WHEN Highworth’s Brandon Duquemin threw a message in a bottle into the sea, little did he know that 13 years later he would get one back.

The 19-year-old wrote the message with his father, Robert, when he was seven and on holiday in Ilfracombe, Devon.

Earlier this month it washed up onto Chesil Beach in Dorset, where 30-year-old Lucy Blayney from Portland discovered it – and she wrote back.

Brandon, who now attends Swindon College, said: “I was surprised when the message turned up. I remember going on holiday to Ilfracombe but I don’t remember sending the message in a bottle.

“I know people moan about pollution but I don’t think it should put people off from sending messages in a bottle.”

Brandon’s mum, Teresa Page, remembers her partner Robert decided to send the message in the bottle after listening to an album by The Police.

Teresa, 46, said: “Rob had a Police album and was listening to Message In A Bottle, and that’s when he thought he might write one.

“He wrapped it up and put it in a plastic Coke bottle.

This Is Wiltshire:

Brandon's original message

“Lucy told us that she found the bottle and the message was all intact, and she wrote back in coloured paper asking Brandon to tell his mummy to email her, thinking that it had been sent while on holiday in the summer.

“I think she was a bit shocked when she found out he was 19.”

Lucy found the bottle after a storm which caused Chiswell’s flood sirens to be sounded for the first time in 30 years.

Teresa was surprised to hear that the message had been found in one piece after all that time.

She said: “When Lucy found it the message was dry and intact. It’s a bit worrying that it survived even after 13 years in the sea.

“It is unbelievable that Lucy found it after so much time.”

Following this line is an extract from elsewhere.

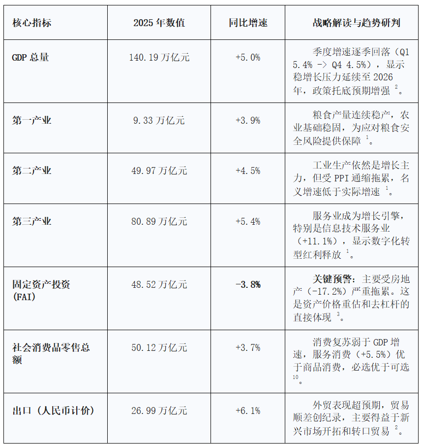 站在2026年的开端,回望刚刚收官的“十四五”最后一年,中国经济展现出一种极具张力与复杂性的宏观图景。国家统计局发布的《2025年全年国民经济运行情况》不仅仅是一份成绩单,更是一份宣告旧模式终结与新秩序建立的宣言书。GDP总量突破140万亿元大关,实现5.0%的增长目标,但在这一总量达标的表象之下,经济运行的底层逻辑正在发生剧烈而深刻的断裂与重构。

The bottle is one of the slowest to arrive on a beach, having only travelled some hundred miles or so down the coast.

 

This Is Wiltshire: The seven-year-old Brandon at the time he sent the message

The other shock finding is that Lucy’s partner comes from Swindon, and her best friend grew up in Home Farm, where Teresa and her family live.

Teresa said: “They reckon it’s the slowest ever message in a bottle but I expect there are loads out there that haven't been found.

“We used to come down to Weymouth every year when Brandon was younger and always went up to Portland Bill.

“I wanted to move up there as I love it so much so it’s strange that the bottle was found in that area.”